Taş Yerinde Ağır: Hollywood’un Rus Yönetmenleri

Eisenstein’ın bitiremediği filmiyle başlayan Rus yönetmenlerin Amerika macerası; Andrei Konchalovsky’nin daha özgür bir sinema merakı için yola çıkıp, umduğunu bulamayıp Rusya’da estetik filmlere dönüşle devam ederken, yola tamamen ticari bir sinema anlayışıyla başlayıp oyunu kuralına göre oynayan Timur Bekmambetov gibi kendine alan açabilen bir yönetmen de yetiştirebildi. Bu yazımda Sovyetlerden günümüze Rus coğrafyasından bir vesile bulup Hollywood yoluna düşen yönetmenlerin akıbetlerini takip edeceğim.

Dünyanın farklı yerlerinde film çekmeye çalışan yönetmenlerin en önemli ortak sıkıntısı bütçe kısıtlamaları. Bütün yönetmenler kafalarındakini kameraya alırken karşılarına çıkan masraf kalemleriyle boğuşmak zorunda. Hollywood büyük bir endüstri olarak farklı ülkelerin yönetmenlerinin daha rahat bütçe imkanlarıyla çalışacaklarını düşünerek ülkelerini terk edip gitmek istedikleri bir merkez. Bu yazımda Sovyetlerden günümüze Rus coğrafyasından bir vesile bulup Hollywood yoluna düşen yönetmenlerin akıbetlerini takip edeceğim.
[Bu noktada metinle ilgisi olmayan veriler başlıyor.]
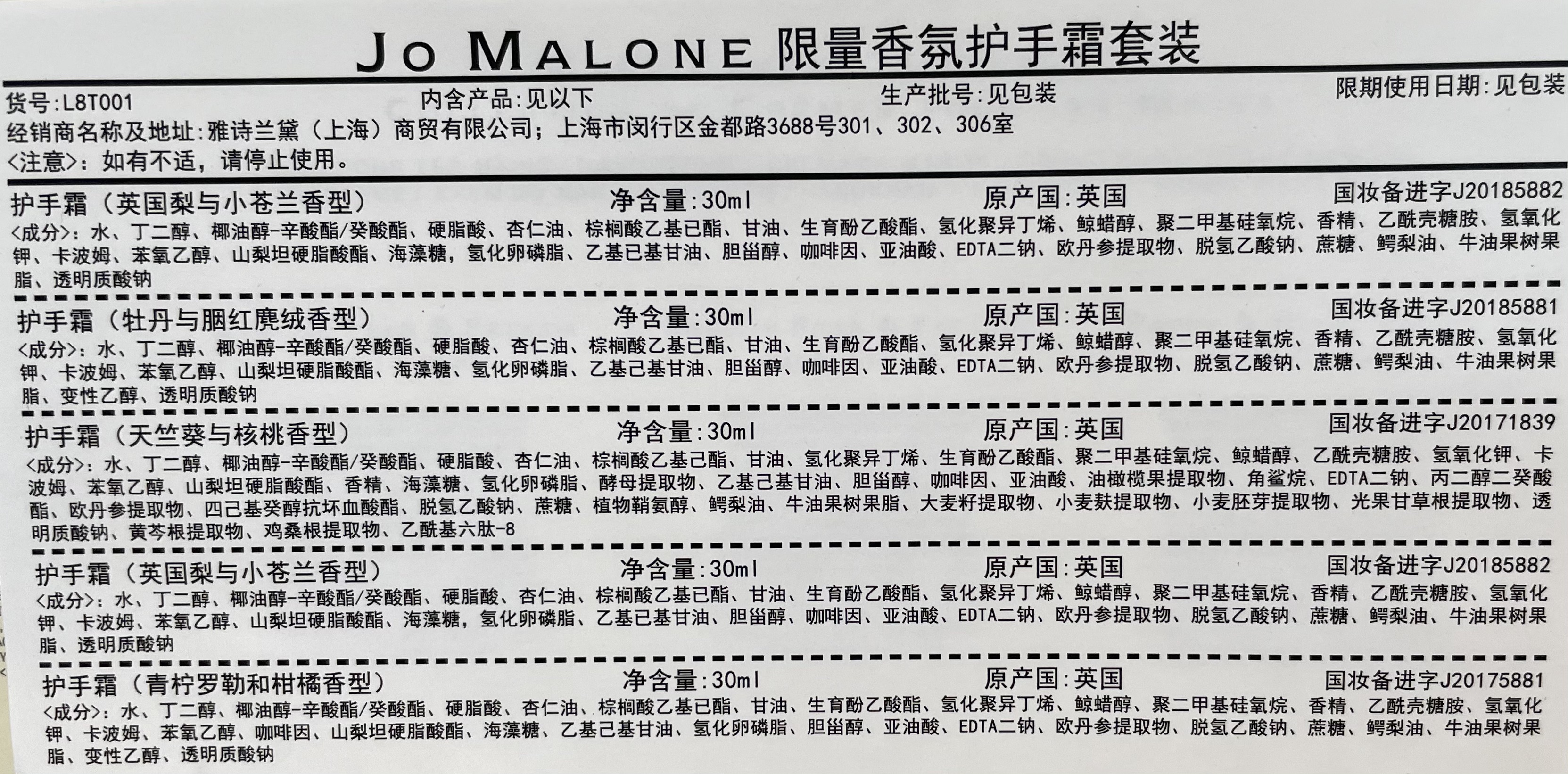 祖玛珑JoMALONE限量护手霜套装 30ml*5

KURGUNUN BABASI MEKSİKA SICAĞINDA

Amerikalı bir yapımcıyla çalışan en önemli ilk yönetmen Eisenstein olmuştu. Sovyet sinemasının lokomotif filmlerinin yaratıcısı Eisenstein, montaj kuramıyla sinemada radikal dönüşümler yarattı. Sinema tarihinin en iyi kurgu propaganda filmi olan “Potemkin Zırhlısı” filminde kendi montaj yaklaşımının somut örneklerini ortaya koyan yönetmen, gerçekliği yeniden inşa ederken onu adeta parçalara ayırıp yeniden yaratıyordu. Eisenstein’ın farklı görüntülerle sağladığı kurgu anlayışına “Grev” filmindeki yaklaşımını örnek gösterebiliriz. Filmde haklarını isteyen işçilere makineli tüfekten ateş açılmasını izlerken bir mezbahada boğaların da kesilmesinin sahnesi görüntüye dâhil olur. İki katliam iç içe geçirilir. Eisenstein, 1929-1932 arasında Avrupa ve Amerika Birleşik Devletleri’nde bulundu. Sorbonne’da kısa bir süre ders verdikten sonra sesli sinema üzerine araştırma yapmak için Hollywood’a gitti. Meksika’nın yaşam tarzından oldukça etkilenmiş, Meksika hakkında bir film yazıp yönetmeye karar vermişti. Upton Sinclair isimli varlıklı bir yapımcının teşvikiyle “Que Viva Mexico” filmini çekmek için Meksika’ya gitti. Ancak bir süre sonra yapımcıyla zaman kullanımı ve ekonomik nedenlerden ötürü anlaşmazlığa düştü. Meksika koşulları onun zamanı efektif kullanmasına engel oluyordu. O dönemde Sovyetler’den de geri dönmesi için yoğun baskı alıyordu. Filmin montajını yapamadan, bir daha ayrılmamacasına Sovyetlere geri döndü. Kendisinden sonra “Viva Mexico” ismiyle farklı yönetmenler tarafından tamamlanan filmin görüntülerini Sovyetler Birliği ve Eisenstein birçok sefer ABD’li yetkililerden istedi. Ancak bir sonuç alamadı. Rus coğrafyasının en önemli yönetmeninin ilk Hollywood macerası bitirilemeyen bir filmle noktalanmıştı.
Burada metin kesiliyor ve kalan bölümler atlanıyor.